You'll be given one or more 7-day prefilled pillboxes. You simply take your daily dose each evening and bring the pillbox dispensers back to your next clinic visit to be filled again. It will be important not to change the order of each daily dose. This will be discussed with you at each of your visits.

What do I do to learn more?

Contact your clinical trial team—they'll be glad to answer any questions you may have.

Am I allowed to take aspirin during this trial?

Your clinical trial doctor will talk with you about all of your medications. Some patients can continue to take low-dose aspirin (ie, baby aspirin), but because it also thins blood, in some people this combination could put them in danger of bleeding.

To know whether any medication or vitamin supplement is safe to take during the trial, ask your clinical trial doctor before taking it.

Will I still see my regular doctor if I participate?

You will still see your regular doctor whenever you wish. You'll remain in the care of your personal physician for the duration of the study as clinical trial doctors provide only trial-related care. Your doctor can be notified of your participation and provided with any other information requested if you choose.

Does it cost me anything to participate?

All of your trial-related medication, lab work, evaluations, and ongoing monitoring are provided at no cost to you or your insurance company. Enrolled participants will also be reimbursed for their time and travel.

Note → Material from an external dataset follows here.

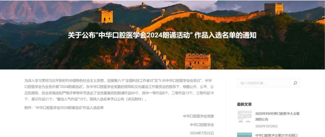 为深入学习贯彻习近平新时代中国特色社会主义思想,迎接第八个“全国科技工作者日”及“5·30中华口腔医学会会员日”,中华口腔医学会为会员开展“2024朗诵活动”。在中华口腔医学会党委的领导和文化建设工作委员会的指导下,根据公开、公平、公正的原则,经会员海选和严格评审等环节选出了会员最喜欢的朗诵作品60个,其中一等作品8个,二等作品13个,三等作品18个,展示作品21个;“最佳人气作品”10个。

What if I rely on family members for support?

If someone regularly drives you to your medical appointments, you may want to consult with them to make sure your clinic visits can be accommodated within their schedule.

How will the information for this clinical trial be used?

The information gained from your participation will make a valuable contribution to the future development of this investigational medication. The clinical trial doctor and staff will protect the privacy of your records and your identity within those records. Participants typically are identified by number or initials throughout the trial. Your identity will be kept confidential at all times except where disclosure may be required by law or as otherwise provided in your HIPAA Authorization.

What if I have to withdraw from the clinical trial?

Your participation is voluntary. You can change your mind at any time. There will be no penalty to you and your regular medical care will not change. Simply tell the clinical trial doctor or staff that you are unable to continue and return all unused medications and materials. After you withdraw from the trial, your doctor may return you to your previous treatment. Some additional visits will be necessary and important to ensure that your INR levels are kept within a safe range.